Historically, Nigeria’s presidency has swung between the North and the South, between Muslims and Christians, and this delicate balance was disrupted on all sides. In 2013, an alliance between the Southern Action Congress (AC), the Northern All Nigeria’s People’s Party (ANPP), and Congressive People’s Alliance (CPC) to produce the Action People’s Congress (APC) was able to remove the People’s Democratic Party (PDP) who had dominated the political scene. Another important historical note is that of the legacy of Biafra that lives on, as an Igbo man has never taken the helm of the Presidency since the Civil War. While Obi ran on the promise of a united youth vote, the lingering ethnic and religious sentiments demonstrate the need for his campaign to have created a stronger alliance with the North and the rural and urban poor.

The failure of the youth vote is also a failure of the left

The other factor that we must examine is the failure of the left to articulate and bring into public critique the neoliberal model that all the candidates fully endorsed. Many young Nigerians believe if Nigeria works, it will work for everyone, and that “good governance” is the answer to the myriad problems the country faces. The politics of disorder and the intentionality of chaos are often overlooked in favor of the “corrupt leader” indictment. The left was divided between the Labor Party, whose presidential flag bearer ran on a neoliberal rather than pro worker or socialist platform, and the African Action Congress, who ran on a socialist manifesto, but failed to capture the imaginations of young people or win them over to socialist politics and ideology. In seeking to disrupt the two party power block, young Nigerians took less notice of the lack of difference between the three front running parties, and chose to select the lesser of three evils, based on credentials and the idea that Obi was “the best man for the job.” In fact, the Nigerian youth on the campaign trail emphasized experience in government as a criteria for a good candidate, over and above fresh ideas.

The left also failed to garner the EndSARS movement and channel it into a political force.
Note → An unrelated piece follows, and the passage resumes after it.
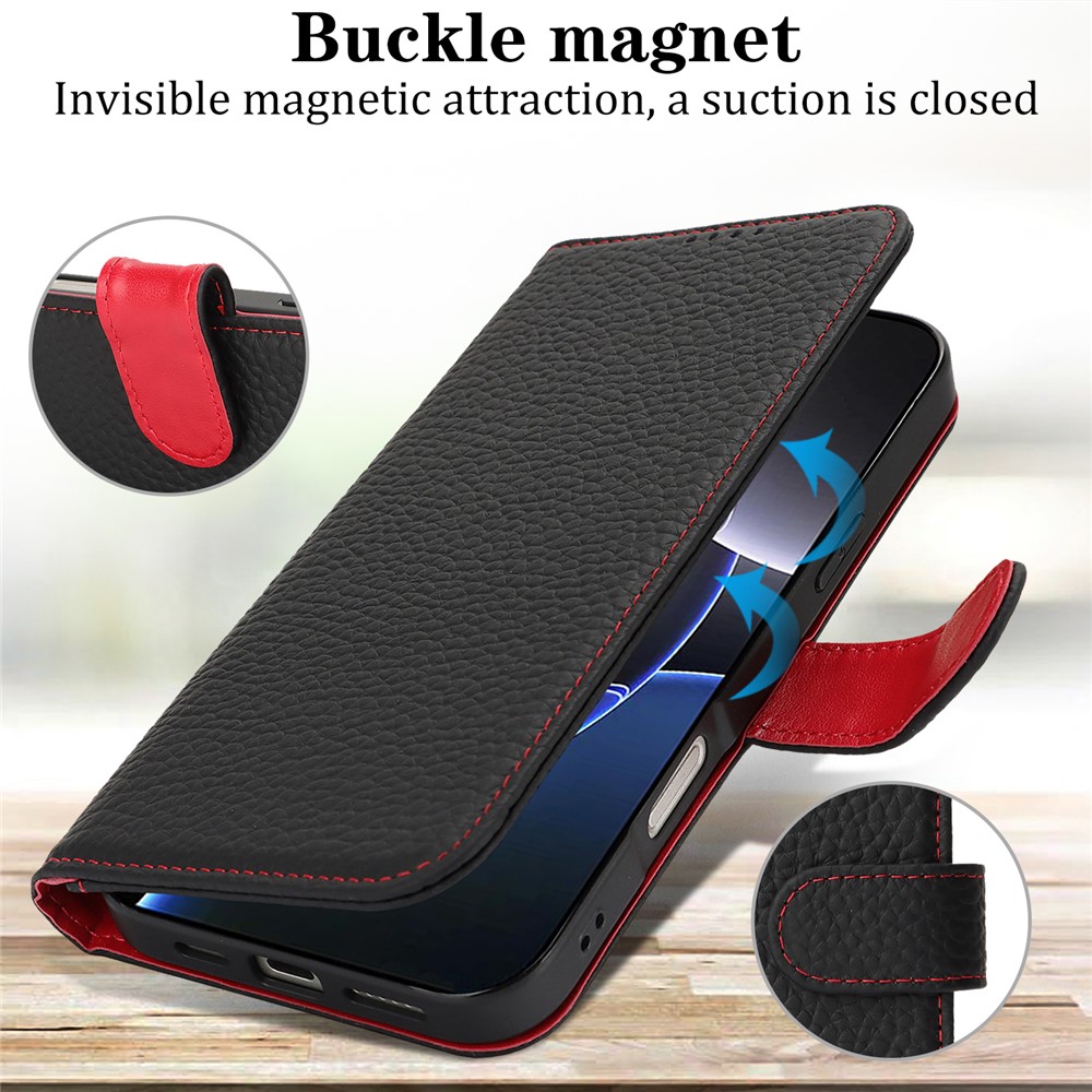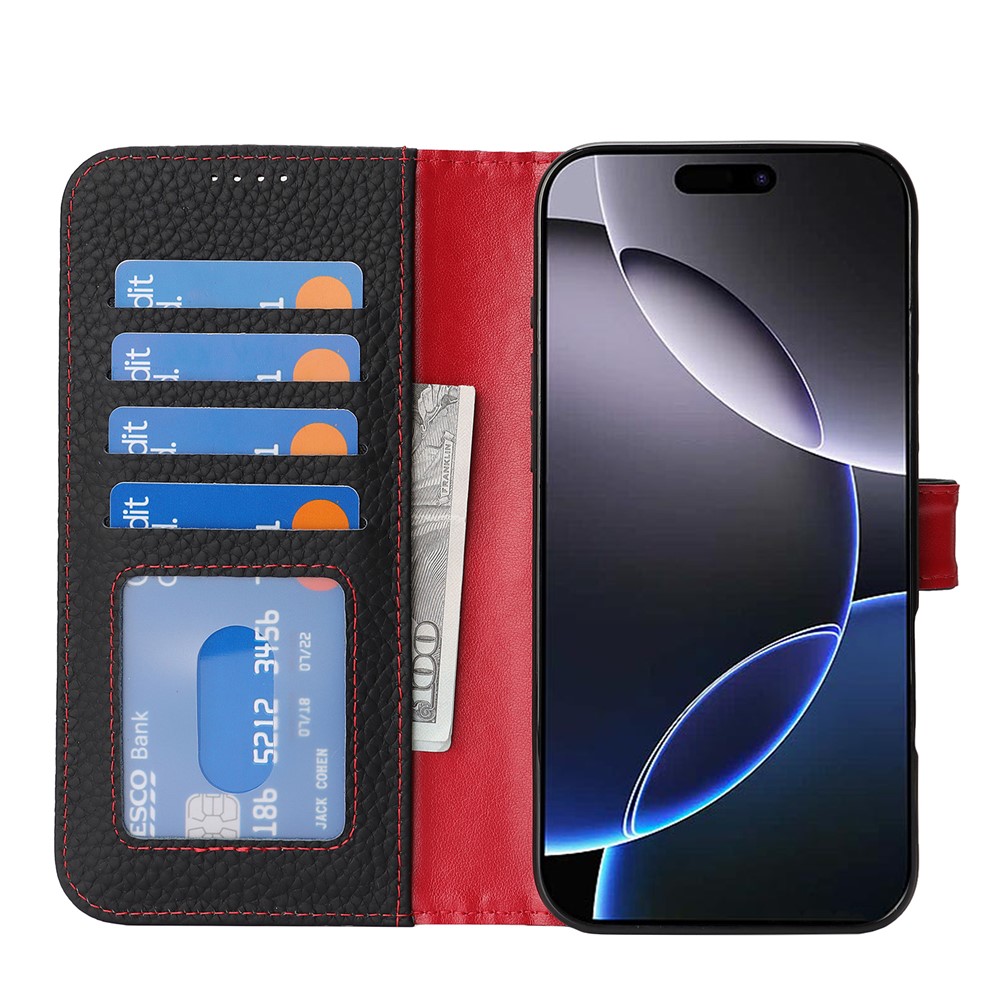 For iPhone 16 Pro Stand Case Litchi Texture Genuine Cow Leather Wallet Phone Cover RFID Blocking - Black / Red $24.02

The emergent youth middle class, not the workers and the working poor, continued to carry the message of liberal rather than revolutionary politics. Unfortunately, just as the gunning down of Nigerian protesters caught young people off guard in October 2020, so too the massive rigging of this election. However, there is no cohesive movement to fight the fraud of this election. The partisan protests and separate court cases by the Labor Party and PDP, demonstrate that the disgruntled candidates are fighting for themselves, rather than as a single voice to call out electoral fraud and the rerun of the election. The fact that there is acceptance of the National Assembly election outcomes and not the presidential election, points to the seeking of selective justice, which may eventually result in the complete disenfranchisement of the Nigerian people.

At this time we must seek answers to our current dilemma within history, the history that we so often want to jettison for the euphoria or overwhelming devastation of the moment. The question for the youth will now be, which way forward? Will we continue to rely on the old guard, the gerontocratic oligarchy that has terrorized Nigerians under the guise of different political parties for the past 24 years? Or will we drop all expectations and pursue the revolution that is sorely needed? Will young people once again rise to be a revolutionary vanguard that works with millions of working poor to form a truly pro-people, pro-poor party that has ordinary Nigerians as actual participants in a virbrant democracy from the local to the federal levels, not just during election time but every day?  Will the middle class Nigerian youth be willing to commit class suicide to fight alongside the poor to smash the existing oligarchy and gerontocracy and snatch our collective destiny back?

It is a time for truth telling, for examining our own shortcomings. As young people, as the left, and as civil society, we have relied too long on the oppressors for our own liberation.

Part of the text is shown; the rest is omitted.